TASK ITEM:
Repeat every line of the data exactly; the pictures stay out.

AVAILABLE DATA:
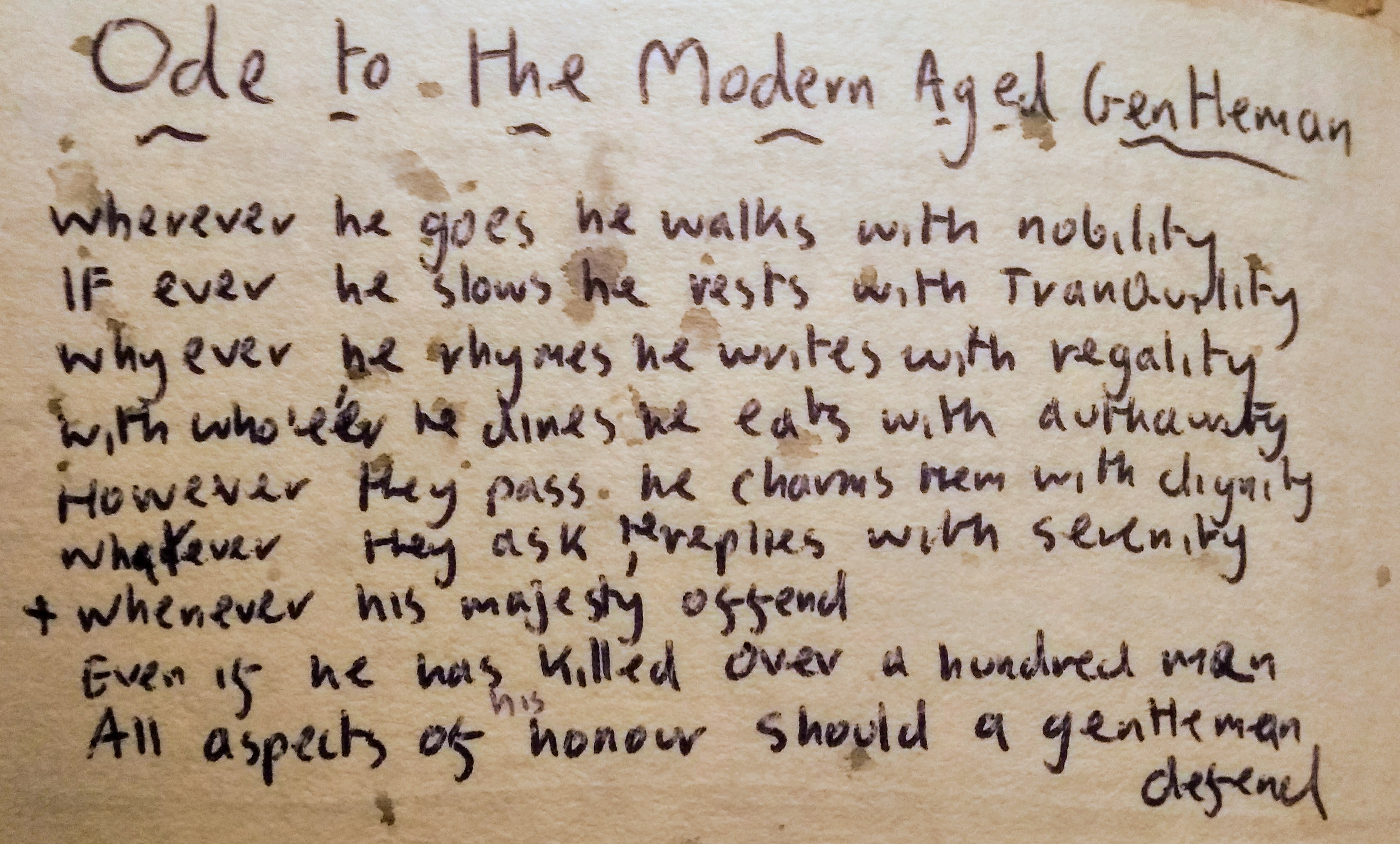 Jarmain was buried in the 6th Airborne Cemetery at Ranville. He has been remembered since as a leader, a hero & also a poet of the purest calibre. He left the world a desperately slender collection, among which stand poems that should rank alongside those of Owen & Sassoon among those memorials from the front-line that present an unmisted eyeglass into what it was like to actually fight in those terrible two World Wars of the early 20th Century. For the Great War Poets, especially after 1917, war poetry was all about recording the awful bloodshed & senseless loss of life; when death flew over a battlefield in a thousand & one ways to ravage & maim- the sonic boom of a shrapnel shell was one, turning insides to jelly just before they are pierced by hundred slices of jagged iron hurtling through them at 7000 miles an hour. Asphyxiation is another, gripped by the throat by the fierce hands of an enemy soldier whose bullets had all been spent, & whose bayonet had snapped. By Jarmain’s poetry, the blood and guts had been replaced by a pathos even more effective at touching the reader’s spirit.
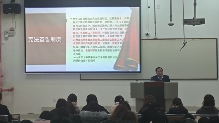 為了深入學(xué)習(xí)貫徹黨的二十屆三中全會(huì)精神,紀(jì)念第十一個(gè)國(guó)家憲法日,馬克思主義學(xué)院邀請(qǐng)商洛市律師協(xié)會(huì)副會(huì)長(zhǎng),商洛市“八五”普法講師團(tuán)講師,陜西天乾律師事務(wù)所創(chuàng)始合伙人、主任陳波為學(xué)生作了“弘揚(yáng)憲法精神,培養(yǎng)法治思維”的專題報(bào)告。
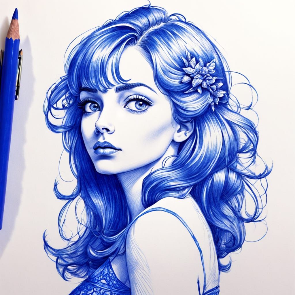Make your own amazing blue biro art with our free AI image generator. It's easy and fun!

ANSWER FOR THE TASK:
 Jarmain was buried in the 6th Airborne Cemetery at Ranville. He has been remembered since as a leader, a hero & also a poet of the purest calibre. He left the world a desperately slender collection, among which stand poems that should rank alongside those of Owen & Sassoon among those memorials from the front-line that present an unmisted eyeglass into what it was like to actually fight in those terrible two World Wars of the early 20th Century. For the Great War Poets, especially after 1917, war poetry was all about recording the awful bloodshed & senseless loss of life; when death flew over a battlefield in a thousand & one ways to ravage & maim- the sonic boom of a shrapnel shell was one, turning insides to jelly just before they are pierced by hundred slices of jagged iron hurtling through them at 7000 miles an hour. Asphyxiation is another, gripped by the throat by the fierce hands of an enemy soldier whose bullets had all been spent, & whose bayonet had snapped. By Jarmain’s poetry, the blood and guts had been replaced by a pathos even more effective at touching the reader’s spirit.
 為了深入學(xué)習(xí)貫徹黨的二十屆三中全會(huì)精神,紀(jì)念第十一個(gè)國(guó)家憲法日,馬克思主義學(xué)院邀請(qǐng)商洛市律師協(xié)會(huì)副會(huì)長(zhǎng),商洛市“八五”普法講師團(tuán)講師,陜西天乾律師事務(wù)所創(chuàng)始合伙人、主任陳波為學(xué)生作了“弘揚(yáng)憲法精神,培養(yǎng)法治思維”的專題報(bào)告。
Make your own amazing blue biro art with our free AI image generator. It's easy and fun!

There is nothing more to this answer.